Rebecca Holden, the city’s finance director, told the Board of Mayor and Aldermen at a Saturday advance session that staff found large discrepancies in the city’s accounting and that she and her team have paused nonessential purchases while they reconcile records.
Holden said the capital equipment replacement fund (fund 150) was submitted to the comptroller with a beginning fund balance that was overstated, and that staff found a roughly $1,500,000 shortfall in that fund. “What was submitted to the comptroller’s office as a beginning fund balance was 3,300,000.0. The actual beginning fund balance was only half a million,” Holden said. She said staff immediately stopped purchases charged to that fund and are developing a plan to reconcile vehicles, insurance and committed balances.

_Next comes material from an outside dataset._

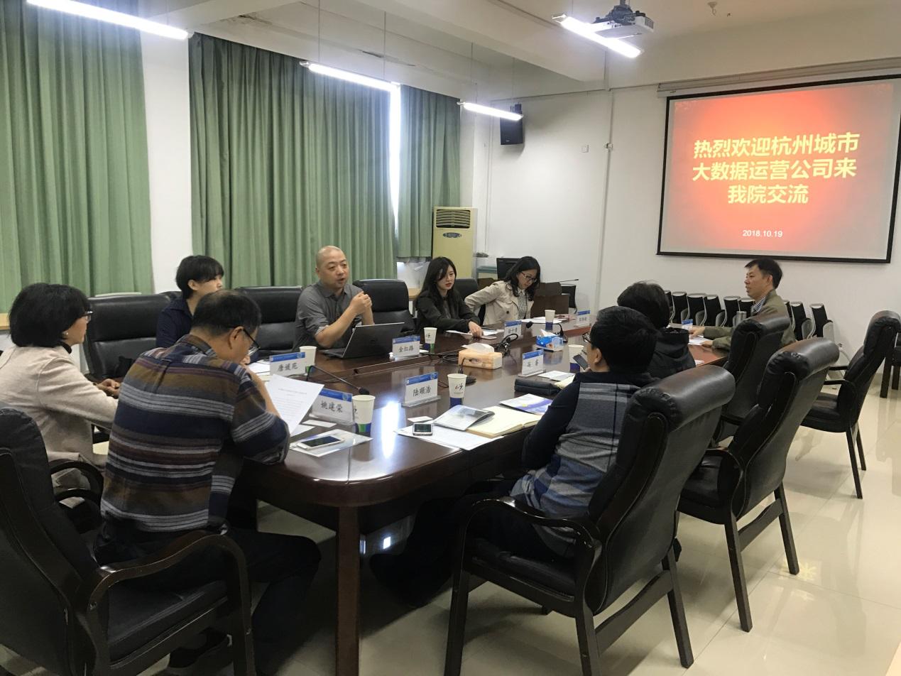 2018年10月19日上午,杭州城市大数据运营公司金红路副总裁、徐千倩副总裁等一行四人来伟德官网洽谈战略合作框架协议,伟德官网党委书记冯睿、副院长张帅、党委副书记陆廷浩、姚建荣教授以及各相关系主任出席了座谈会。

Holden and Chelsea Pearman, the budget manager, also described several other bookkeeping and process problems that must be fixed before the council adopts next year’s budget. Pearman said the new OpenGov budget software has gaps for the city’s needs: the audit trail did not show line‑level edits and the software allowed negative budgets on some lines. “There were several things within OpenGov as far as the setup that we see on our side with user access and audit trail… it doesn’t tell the line item,” Pearman said.

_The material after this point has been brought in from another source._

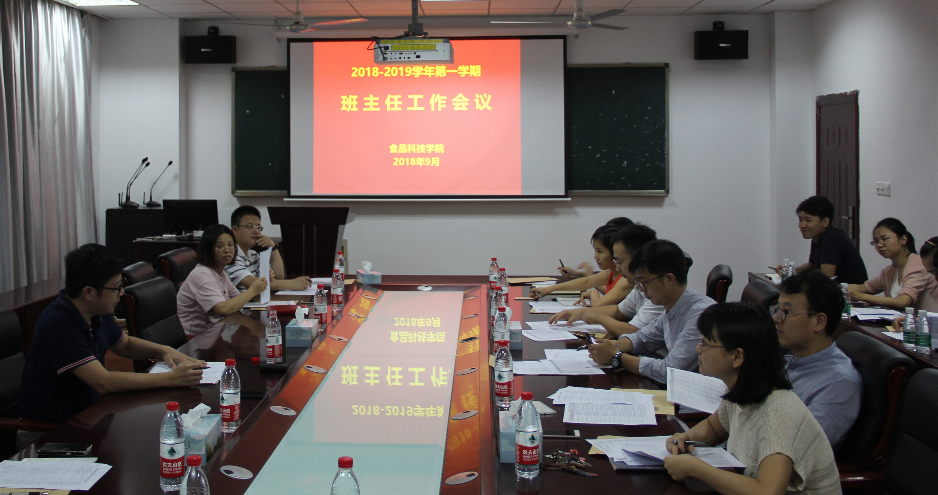 新学期班主任工作会议在食品楼220召开。院党委副书记丁广龙出席会议。本科生辅导员陈宏强、周凌蕾以及全体班主任参加会议。

Holden reported that the comptroller’s office reviewed staff’s initial corrective actions and accepted the approach, but did not require retroactive updates for past fiscal years. “They said: ‘Just fix it going forward,’” she told the board, while adding that she had asked the comptroller’s office to review the proposed FY‑26 budget before final submission.
City staff said they have identified operational fixes and staffing needs to reduce risk and improve transparency: clearer budget calendars and deadlines, better separation of duties in finance, more timely completion of comptroller schedules during the budget process, and additional finance positions over the next five years (suggested roles included a purchasing agent, a grants/accounting specialist and a collections specialist).
Holden also presented the administration’s preliminary cost estimates for proposed cost‑of‑living adjustments. Staff provided three COLA scenarios for fiscal planning (2.5%, 3.5% and 4.5%) and noted the models include total compensation costs (salary plus benefits). The board and staff discussed the trade‑offs and asked staff to return with peer comparisons and the effect of COLA choices on the final budget.
What happens next: staff said they will continue to reconcile fund balances, finish the comptroller review steps and deliver departmental budget packets and a proposed calendar for next fiscal year. Holden asked for time to implement improved internal controls, formal handoffs and documented standard operating procedures before the FY‑26 budget is submitted to the comptroller.